On this week’s episode of Wandering Monster, John, Lemons, and I discuss medical monsters – a topic that has perhaps never been more relevant to the three of us for reasons I don’t need to go into here (not to mention this whole “pandemic” thing that I’ve heard might be going on). Make sure to check it out, as it’s a doozy of an episode!
Not to toot my own horn, but one of the things that makes it a doozy is my selection for monster of the week: Josef Heiter, the perverse sadist (and talented surgeon!) at the dark heart of the infamous Dutch film The Human Centipede (First Sequence).

NOTE: MASSIVE CONTENT WARNING AND SPOILERS.
Now, for the uninitiated, The Human Centipede is one of those films (alongside such delights as 1978’s Faces of Death, 1980’s Cannibal Holocaust, and even slightly tamer fare such as 1976’s Blood Sucking Freaks) that lives in the dark, twilit world of transgressive horror. In transgressive horror, the emphasis is often less on artistry than on attempts to elicit shock, outrage, and genuine revulsion. While all horror is, by its very nature, transgressive to some extent, the category of horror to which Human Centipede belongs places its primary emphasis on deliberately crossing lines and violating taboos, the better to induce a shocked state in the viewer or reader. Good transgressive horror can then use this shock-state to illuminate an existential question (and, often, to subsequently provide a nihilistic answer). Bad transgressive horror – which might seem to outside observers like a redundancy – resorts to mere oppositional-defiance shock-for-shock’s-sake. I will leave it to those brave enough to sit through it to determine which of these camps Tom Six’s little medical freak-show falls into.

In Human Centipede, perverse German surgeon Josef Heiter (played by Dieter Laser) devises an experiment which he performs on a trio of hapless tourists by stitching them together, mouth-to-anus, to form a “human centipede” with “one digestive tract.” (Yes, you read that right.) This charming little film dropped in 2009, which if you’ll recall was in the very early age of social media (how time flies!). As a result, word-of-mouth was still a powerful marketing tool, and The Human Centipede did not need much help in that department. I first heard whispers of it from a co-worker and, after I had subjected myself to the film (which is a tough watch, I’m not going to lie), immediately proceeded to spread those whispers myself.

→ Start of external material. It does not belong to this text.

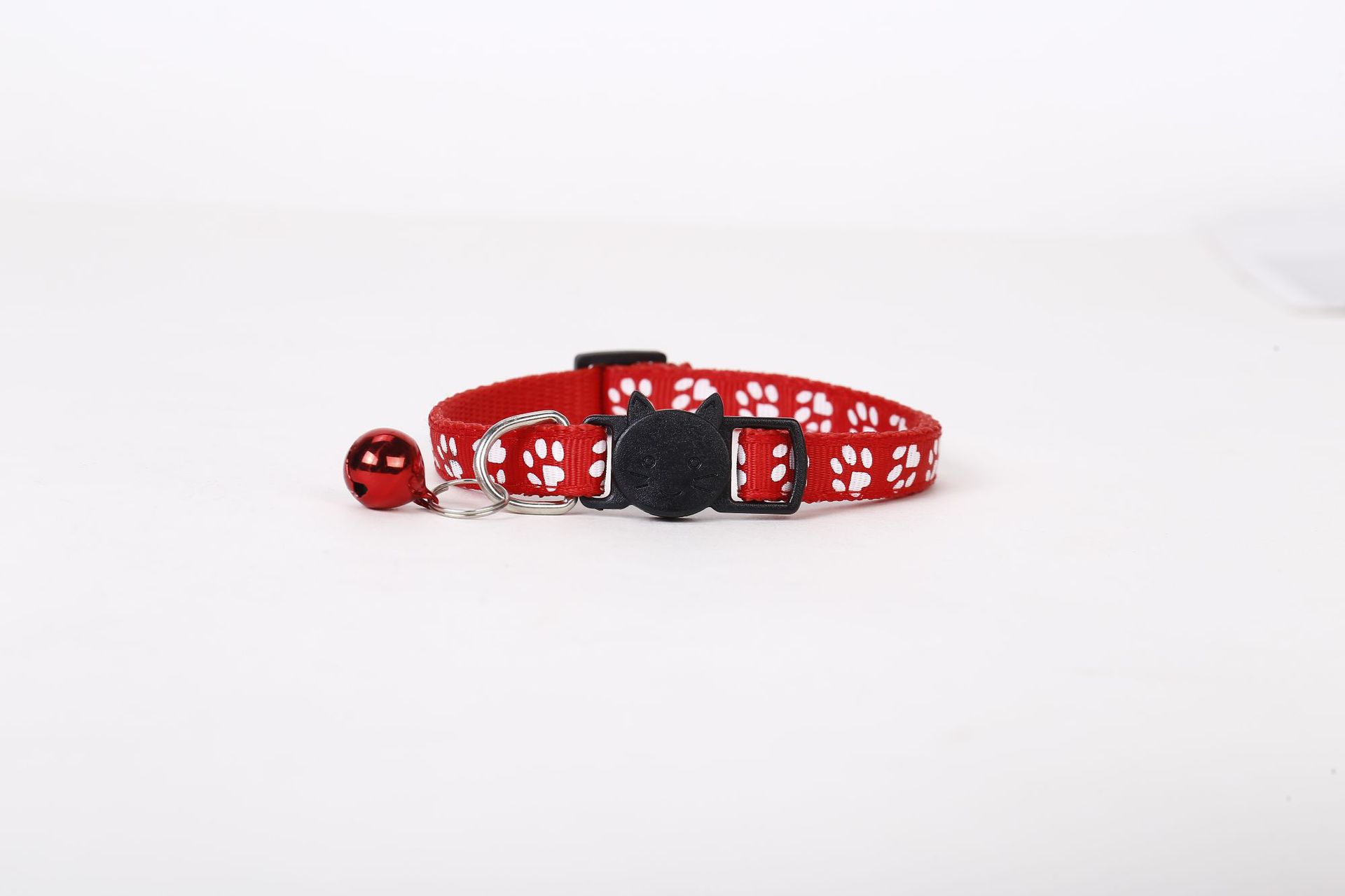 Collar para mascotas con estampado de huellas, correas, hebilla de seguridad, hebilla con cabeza de gato, campana, material de nailon para gatos

My experience with Human Centipede reminded me of similar experiences I’ve had with transgressive art; hearing murmurs of something unspeakable, learning that said unspeakable thing actually exists, subjecting myself to it, and then spreading the word. It’s a lot like the journey I went on with the Marquis de Sade’s 120 Days of Sodom, or aforementioned films like Faces of Death. The rumors, the whispers, the dread and anticipation – all are part of the experience of transgressive horror, which is (perhaps more than even other genres of horror) only something that can be fully enjoyed when it is shared. Or, thought of another way, inflicted upon one’s dear friends like a malign prank.

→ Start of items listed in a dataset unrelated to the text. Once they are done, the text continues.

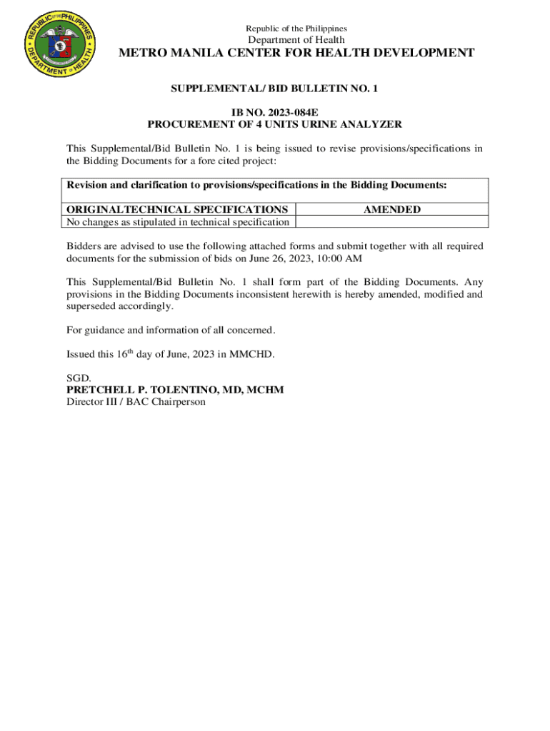 Get the free SUPPLEMENTAL/BID BULLETIN - ADDENDUM NO. 1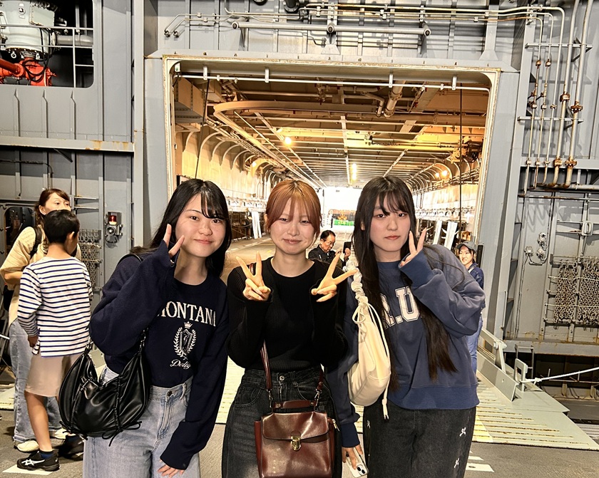 公務員系学科の学生たちが、11年ぶりに福山を訪れた海上自衛隊輸送艦「しもきた」の特別公開イベントに参加しました。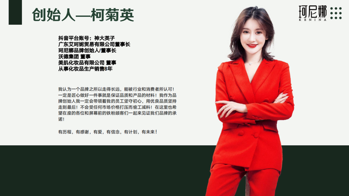 珂尼娜品牌做优质护肤品的同时更是重视社会责任,参与社会的公益事业,切实的做到了当代国民品牌的表率。创始人柯菊英经常通过其抖音账号:神大英子,向大家普及护肤知识,同时也会分享作为年轻企业家的创业理念和经验,去帮助更多的人。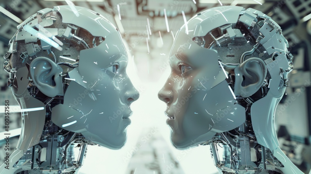 Wall mural artificial intelligence concept: neural network connection between two heads - Wall murals Wall mural artificial intelligence concept: neural network connection between two heads - Wall murals

The “punchline,” if one wants to think of it that way, of The Human Centipede should be obvious: you never want to be part of a human centipede, but if you are, you really don’t want to be the third segment. I’m a pretty tough customer, but when writer/director Tom Six treats us to the first bowel movement that the “centipede” engages in, hanging on to one’s lunch becomes a challenge. Sure, I’ve seen “two girls one cup” (for the love of Lucifer, if you don’t know what that is do not Google it), but Human Centipede actually has some dark artistry to it, which makes the transgression of coprophagia all the more upsetting.

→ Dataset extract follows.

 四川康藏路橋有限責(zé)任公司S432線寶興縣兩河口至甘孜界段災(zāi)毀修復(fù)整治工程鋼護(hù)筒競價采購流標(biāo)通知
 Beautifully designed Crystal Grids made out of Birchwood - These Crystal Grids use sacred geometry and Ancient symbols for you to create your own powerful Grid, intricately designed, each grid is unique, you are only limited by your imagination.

The proliferation of social media and a generally more jaded, outrage-weary public have made it much more difficult to sneak a sleeper transgressive film like The Human Centipede under the radar, where it can work its black magick via the primal mechanism of whispered word-of-mouth. That might stand as a loss for the horror junkies dedicated (some would say addicted) to the genre’s most hardcore offerings, but I also think that it has removed what amounts to a cheap trick from the arsenal of horror. Fare that transgresses in a more subtle, intelligent way could bloom and flourish in the space opened up by this change. Time – and the creativity and perversity of horror creators – will tell.